Nearly one in four American adults under the age of 65 has medical debt, according to the results of a new study by the Urban Institute, and southerners are hit hardest by past-due doctors’ bills.
The study authors, Michael Karpman and Kyle J. Caswell, found that eight of the ten states with the highest rates of past-due medical debt were in the South: Mississippi, Arkansas, West Virginia, South Carolina, Kentucky, Oklahoma, Alabama, and Georgia. The rate was lowest in Hawaii, at 6 percent of adults, and the highest was Mississippi, at 37 percent. Nationwide, African-Americans and people aged 25 to 34 were most likely to have past-due doctors’ bills.
Share of Adults Ages 18 to 64 Reporting Past-Due Medical Debt
Why the geographic disparity?
Insurance coverage is clearly a big factor. The percentage of Americans who have past-due medical debt has declined by 20 percent since 2012, the authors write, tracking with the implementation of the Affordable Care Act. When the researchers controlled for demographic variables like age and education, the geographic differences didn’t go away. Many southern states did not expand Medicaid under the Affordable Care Act, which could explain the high rates of debt in states like Mississippi and Alabama. (Other studies have found Medicaid expansion did reduce unpaid bills.)
According to this report, the rate of past-due medical debt correlates with each state’s uninsured rate:
Medical Debt and Uninsured Rates Among Adults, by State
Still, there seems to be more to it than having an insurance card. Among insured adults, the report finds, 23 percent still had medical debt, compared to 31 percent of uninsured people. And several of the most-indebted states, such as Arkansas and Kentucky, did expand the Medicaid program.
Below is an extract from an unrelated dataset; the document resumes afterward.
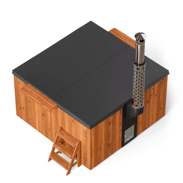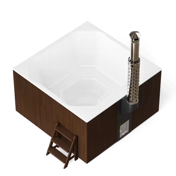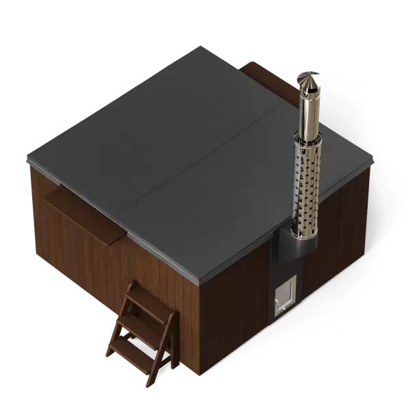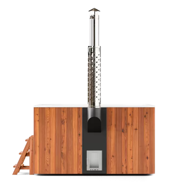 Купель можно использовать на улице при любой погоде. Изготовленная по нашему эксклюзивному проекту встроенная печь POLARSPA мощностью 35кВт нагревает воду за 1,5-2 часа до комфортной температуры. Печь абсолютно безопасна – защитный экран на дымоходе, жаропрочное стекло, никаких острых углов, а все технические коммуникации спрятаны внутри конструкции.

How to account for these insured, yet nonetheless indebted people? Insured people might be struggling to pay their bills because of high deductibles, co-pays, and services that aren’t covered by their plans. They might have little savings or have fallen victim to balance billing and other forms of surprise medical bills. They could be carrying debt from before they became insured—though another study also released by the Urban Institute found most people were insured at the time they incurred their medical debt.
Finally, differences in state insurance regulations, like rules cracking down on the aforementioned balance billing, could be playing a role, as could differences in how frequently people go to the doctor or get medical treatments. (Southern states tend to have higher obesity rates than Northern ones, for example.)
Another study released by the Institute today found that being able to pass a “financial knowledge” quiz was correlated with not having medical debt—but having a “formal financial education” was not. Because of that, the authors recommend doctors and employers talk with people about how their insurance works, rather than assume patients will have learned all about deductibles and co-pays in high school or college.
This study highlights a common criticism of Obamacare—and the overall health-care system—from both the right and left: People might be able to afford an insurance card, but they might still end up slammed with bills they can’t pay or don’t understand.
However, it’s worth noting that so far the Republicans’ Obamacare replacement plans have not addressed the drivers of medical debt laid out in these studies and others. People might be struggling to pay their bills because of high deductibles and low savings, for example, but several GOP plans promote health-savings accounts and high-deductible plans. Some individuals might struggle to pay surprise bills because their incomes are too low, but the tax credits promoted by Republicans so far would not be weighted by income. (They would also not be geographically weighted, as my colleague Vann Newkirk points out, so in fact these geographic disparities in debt could grow worse.) Finally, the Republicans’ replacement proposal would leave more insurance regulation to the states, so whether people were protected from unexpected medical costs would depend, in part, on whether their state wanted to protect them from it.